Running with renewed spirit
Marisa O’Neil
Jamie Mead has the heart of an 18-year-old and the soles of a
44-year-old.
Those soles will hit the pavement running on Sunday six months
after their wearer got a new heart from an 18-year-old man. The
transplant ended years of illness and renewed his interest in
running, with the 21st annual Spirit Run as motivation.
The Spirit Run, a PTA-sponsored event that raises money for Harbor
View, Eastbluff, Andersen, Lincoln and Newport Coast elementary
schools, has grown from a small neighborhood event to the schools’
top money-maker.
“I chose the Spirit Run because it’s part of everything we do in
the community,” Mead said. “The money is great for the PTA. It
involves so many people.

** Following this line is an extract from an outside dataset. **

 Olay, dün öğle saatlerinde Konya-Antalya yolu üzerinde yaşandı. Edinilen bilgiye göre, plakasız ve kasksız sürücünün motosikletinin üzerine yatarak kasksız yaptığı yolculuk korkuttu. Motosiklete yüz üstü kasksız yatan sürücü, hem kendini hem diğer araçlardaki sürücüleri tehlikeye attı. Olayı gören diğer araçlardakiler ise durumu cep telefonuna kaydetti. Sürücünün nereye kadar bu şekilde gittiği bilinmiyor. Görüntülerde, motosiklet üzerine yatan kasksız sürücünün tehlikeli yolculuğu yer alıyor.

It’s such a great opportunity. In September,
I thought to myself, ‘That’s a good goal.’”
That his wife, Dina, has helped organize the Newport Beach race
most of the past eight years and that two of their three children
attend schools that benefit from the proceeds make it an even more
appropriate step in his recovery process. This will be the first race
he’ll have run since heart problems sidelined his recreational
running career at 37.
Doctors diagnosed him with ventricular tachycardia after he
noticed irregular heart rhythms when he exercised. Dead tissue in his
heart was keeping it from pumping blood to the rest of his body
properly.
He started taking medication for his condition and had a
defibrillator implanted in his chest to shock his heart when it beat
irregularly.
“I had to worry if got my heart rate up too high,” he said. “That
fear of too much activity builds in your psyche, and you’re always
careful not to walk too quickly because it would be the beginning of
a shock. I couldn’t even carry my kids.”
But his heart continued to fail, and doctors bumped him to the top
of the waiting list for a new heart after two and a half years.
Almost immediately after his surgery in September, he said, he felt
completely renewed.
“When you wake up after the transplant, you know you’re a new
person,” he said. “Just 24 hours after, they have you up and walking
around.”
After a week in the hospital, he started going for walks around
the block at home. A week later, he built up to mile-long walks, then
slowly started jogging.
Now he jogs three and a half miles four days a week. Doctors
encouraged him to stick with the exercise because it will help the
recovery process.
“Physically, he’s about 100% from where he was,” Dina Mead said.
“He’s back to being his normal self.”
The Meads are using the race as a chance to educate participants
about organ donation. Goody bags will contain informational pamphlets
and organ donor cards, and Jamie Mead and his 14-year-old daughter,
Christie, will answer questions at a booth during the race expo.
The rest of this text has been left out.